Mindfulness is something Dr Chong constantly reminds himself and his staff to practise, as “what will happen, will happen”.
“(We give families) anticipatory guidance, like writing a will or doing an LPA (Lasting Power of Attorney) or ACP (Advance Care Planning), you know, just telling them to get that sorted. But once it’s done, live. Because you don’t know when it’s going to end,” he said.
And end it will. But palliative care in general has a lot to teach about how we talk about death especially amid the COVID-19 pandemic, noted Dr Chong.
“Try to normalise it. Bring it into the schools, into the mainstream media … When we talk more about death, it becomes less strange, less scary, and people become more comfortable over time. It’s a paradigm that just needs to shift, a culture that needs to be built up,” he said.
“The spirit thrives. Our resolve, our spirit, trumps the ravages of illness and what fate can deal us. It’s about shifting our focus from one thing to another.”
Despite the seemingly many heartbreaking moments that come with child palliative care, his job gives him hope too.
“I realise I take away more than I give … Having had the privilege to chat with so many people, I actually end up becoming stronger and even more confident in facing my own mortality. You question a lot of things about yourself, your life, your priorities as a result, and that makes me a much richer person,” he said.
“When you see how people lose so much, you start to treasure every single thing. Most of all, time, which is something that is so precious.”
He added that a bulk of the work in palliative care involves “minimising regrets”.

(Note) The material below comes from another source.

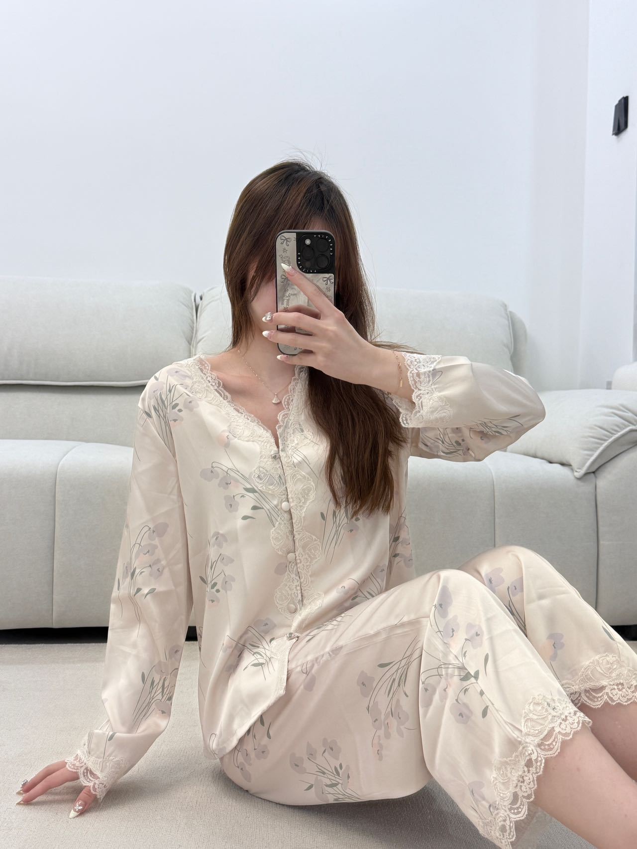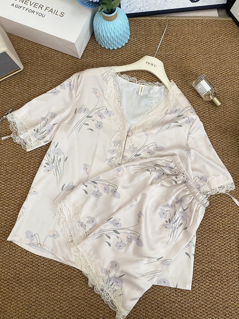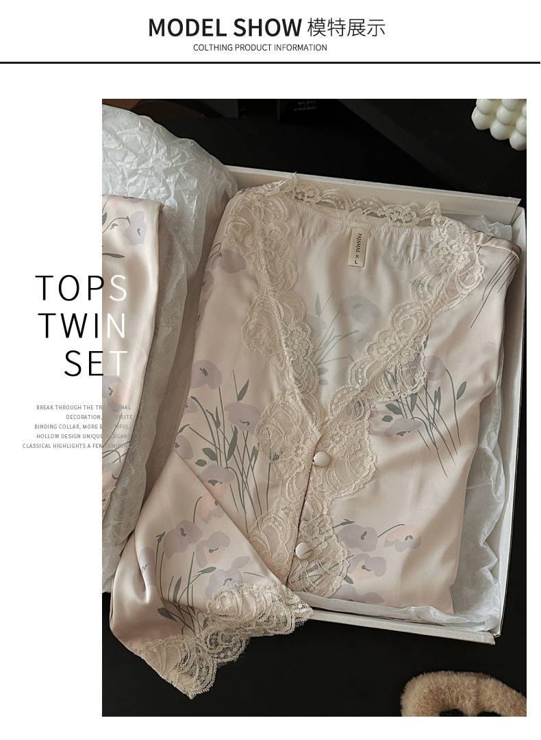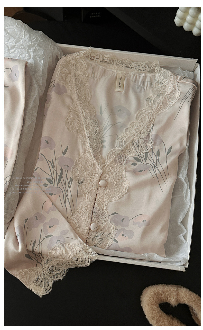 레이스 유란 꽃 아이스 실크 파자마 여성의 봄과 가을 착용 기질 맞춤형 플러스 사이즈 긴 소매 홈 의류 세트스토어 가기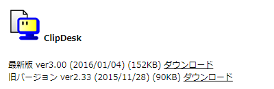 ClipDesk のサイト( http://hp.vector.co.jp/authors/VA028640/software/m_cdesk.xhtml )にアクセスします。

“We cannot tell people what to do. They have to come to their senses. Sometimes a little regret is okay, as long as they can understand what it is all about, they can still have a life,” he said.
“And that’s why I feel, given my privilege to see that, to really see, then it becomes almost necessary for me to keep championing and helping other people see that if they don’t yet.”
MEETING CHILDREN WHERE THEY’RE AT
But while the children he looks after are alive, they remain the reason Dr Chong does what he does.
“Even though you’re a child, I might come down to your level and speak with you, and ascertain what your wishes might be. With paediatric work, there’s a need to understand how different kids think and feel, and how they communicate,” he said.
“We mustn’t go in there (thinking) we’re a doctor, they’re a care recipient, they’re a mum. We are dealing with matters of life between two mortals, so come down from your moral high horse and meet them where they are, including children.”
He added: “I can morph into a child if I wanted to, and have a very childish conversation.”
And at all of 55 with a head of salt and pepper hair, Dr Chong does just that when he enters Chloe’s bedroom with this CNA journalist.
Thrilled to see her “Ah Gong” (her name for him because of his grey hair), she pulls up a xylophone app on her iPad to perform a mini-concert with the songs Amazing Grace and Noel. In response to her significant progress, Dr Chong gives her a round of applause and a peck on her cheek.
He chuckles as he spots her sapphire nails, which were freshly painted before his visit.
Then Chloe taps away on the TouchChat app that she uses to communicate. The app allows her to string together a sentence by selecting pictograms of common words she uses. Her index finger hovers over a photo of Dr Chong.
Seconds later, a mechanical voice echoes from her iPad to reveal what she typed: “Doctor Chong, congratulations! I love you.”
The feeling, as evident from his beaming smile behind his mask, is mutual.